The first book, EVERY HEART A DOORWAY, revolves around the school and the students in it. Different realities that they discovered are mentioned in passing. The first book is different in tone from the rest of the series. It is more of a mystery; students are being murdered and body parts are being taken to build...what? And why is it children who have been to other worlds? And why is it the part of them most important to who they are?
The next book, DOWN AMONG THE STICKS AND BONES, is more of a prequel and follows twin sisters Jack and Jill as they discover the Moors, a dark, dangerous world very different from our own.
The third book, BENEATH THE SUGAR SKY, takes place after the first book and begins at the school and reintroduces us to a few students, then takes everyone on an adventure through multiple worlds--some of which are too spoilery to mention here--before winding up on an adventure in the realm of Confection. This book also reveals the origin of some alternate realities but again, it's spoilery to talk too much about it! That theme is mentioned a bit in the next book as well.
The fourth book in the series, IN AN ABSENT DREAM, once again takes place before the first book, exploring the world of a young girl named Katherine Lundy who encounters a Goblin Market and makes a decision that will fundamentally change her life forever.
With the fifth book, COME TUMBLING, we return to the lives of Jack and Jill, whose world was fleshed out in DOWN AMONG THE STICKS AND STONES. Of all the books, this is the one least able to act as a stand-alone as we return to this world after events from BENEATH THE SUGAR SKY, and things have changed so much for many of our characters.
I really like the mix of past and future in these books. I love that two and a half of the books take place in another realm and feature "portal children." The books really come alive as readers explore these new worlds so different from their own. I think of all the worlds, Confection was the most visual and enchanting, though I was most immersed in Katherine Lundy's story. The child in me who loved My Little Pony and Saddle Club is freaking out that the sixth book in the series, ACROSS THE GREEN GRASS FIELDS, out January 12, 2021, will be full of centaurs and unicorns and kelpies, oh my!
I love that we get to explore all of these worlds, and I think it's so intriguing to also see a study of what happens when kids return to our reality and can no longer adapt. They have changed, they are different, they have grown up and loved. Sometimes they return home the moment they left, others, time passes. It's almost impossible to readapt. I'm pretty squeamish, so I was a little taken back by the grotesque murders of the first books, but the story came together and made sense, and the rest of the books were more in line with what I was expecting. I love that we go back and forth, and that the students--and teachers!--we meet early on will eventually get their own stories. I would love a story featuring Kade, and I really want one that explores Eleanor West's own past.

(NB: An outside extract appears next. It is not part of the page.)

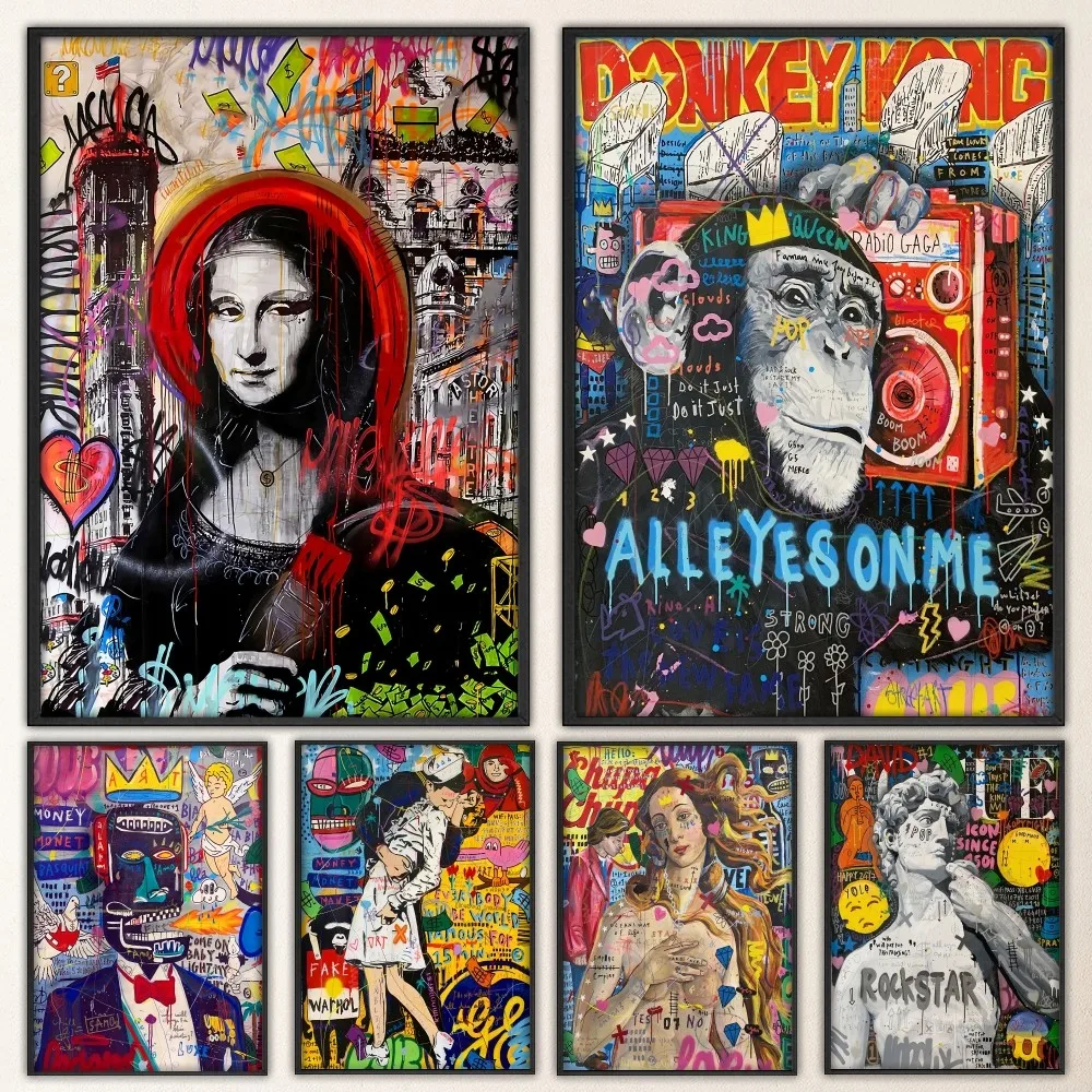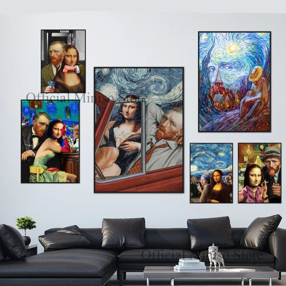 Lustige abstrakte van gogh und Freunde mona lisa selbst klebende Kunst plakat wasserdichte Papier au...

The series is full of gorgeous sentences I wanted to hug and mark. There are also charming illustrations in the books from time to time that I've never seen in an adult novel, but often see in fairy tales, and added to the atmosphere. Impressively, the first two books have won back-to-back Alex Awards for their crossover appeal to teens as well as critical acclaim and are only gaining in popularity. There is also great diversity in the series. Some of them are central issues dealing with love interests or weight issues. Others are secondary characters, such as Kade, who is trans, and even a character encountered for only minutes who is Muslim. I love that there are so many types of people having adventures and that these worlds don't just open for one group of people.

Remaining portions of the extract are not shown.